CI/CD Pipeline 10x Faster: From 62 to 6 Minutes

Continuous Integration and Continuous Deployment pipelines are the backbone of modern software delivery. When your pipeline lags, everything else lags with it — feedback loops, bug fixes, release cadence, team morale. We hit that wall hard. Here's how we cut ours from over an hour to six minutes.

Step 1: Find the real bottleneck

The first thing we did was stop guessing. We instrumented every stage and measured it. The results surprised us:

If you don't measure, you end up optimizing the wrong stage. We almost spent a week on Docker layer caching before realizing it would have saved us ninety seconds on an hour-long pipeline.

Step 2: Parallelize the test suite

Our tests ran serially on a single runner. Moving to parallel test sharding across four runners was the single biggest win — cut testing time by 68%.

jobs:
  test:
    runs-on: ubuntu-latest
    strategy:
      fail-fast: false
      matrix:
        shard: [1, 2, 3, 4]
    steps:
      - uses: actions/checkout@v4
      - uses: oven-sh/setup-bun@v1
      - run: bun install --frozen-lockfile
      - run: bun test --shard=${{ matrix.shard }}/4

We also killed a dozen tests that were flaky or testing framework behavior instead of our own code. Fewer tests, faster signal.

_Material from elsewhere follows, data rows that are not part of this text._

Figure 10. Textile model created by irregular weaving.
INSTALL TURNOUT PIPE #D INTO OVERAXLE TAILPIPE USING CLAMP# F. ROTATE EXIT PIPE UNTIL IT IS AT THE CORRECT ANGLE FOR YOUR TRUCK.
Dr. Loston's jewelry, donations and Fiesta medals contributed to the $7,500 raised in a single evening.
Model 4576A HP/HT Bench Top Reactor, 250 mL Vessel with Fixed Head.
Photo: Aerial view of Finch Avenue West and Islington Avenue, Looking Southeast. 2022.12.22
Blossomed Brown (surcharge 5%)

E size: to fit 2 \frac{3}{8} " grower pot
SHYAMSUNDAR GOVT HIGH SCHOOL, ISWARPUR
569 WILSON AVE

Step 3: Cache the Docker build layer

Our Docker builds were starting from scratch every time. Adding BuildKit layer caching to a remote registry dropped image builds from four minutes to forty seconds:

- uses: docker/build-push-action@v5
  with:
    context: .
    push: true
    tags: ${{ env.IMAGE }}:${{ github.sha }}
    cache-from: type=registry,ref=${{ env.IMAGE }}:buildcache
    cache-to: type=registry,ref=${{ env.IMAGE }}:buildcache,mode=max

Step 4: Provision infrastructure as code

Environment provisioning used to require a human in the loop. We moved to Terraform so the pipeline could spin up a preview environment for every pull request:

resource "fly_app" "staging" {
  name = "app-staging-${var.pr_number}"
  org  = "personal"
}

resource "fly_machine" "api" {
  app    = fly_app.staging.name
  region = "ams"
  image  = var.image
}

Every PR gets its own preview environment, destroyed automatically when the PR closes. Reviewers stop asking "can you deploy this somewhere I can click?"

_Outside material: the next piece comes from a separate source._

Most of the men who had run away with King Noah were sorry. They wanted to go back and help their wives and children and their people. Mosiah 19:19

Step 5: Monitor so it stays fast

Pipelines rot. We wired Prometheus to scrape pipeline metrics and built a Grafana dashboard that alerts us when any stage creeps past its budget. If tests drift back toward fifteen minutes, we know before it becomes a daily annoyance.

The result

From 62 minutes to 6 minutes. A 10x improvement, achieved through four boring changes: measure, parallelize, cache, automate. No magic. No new framework. Just ruthless attention to where the time was actually going.

The lesson: faster pipelines aren't a one-time project. They're a habit. Measure weekly, cut ruthlessly, and don't let your CI slow to a crawl while you're not looking.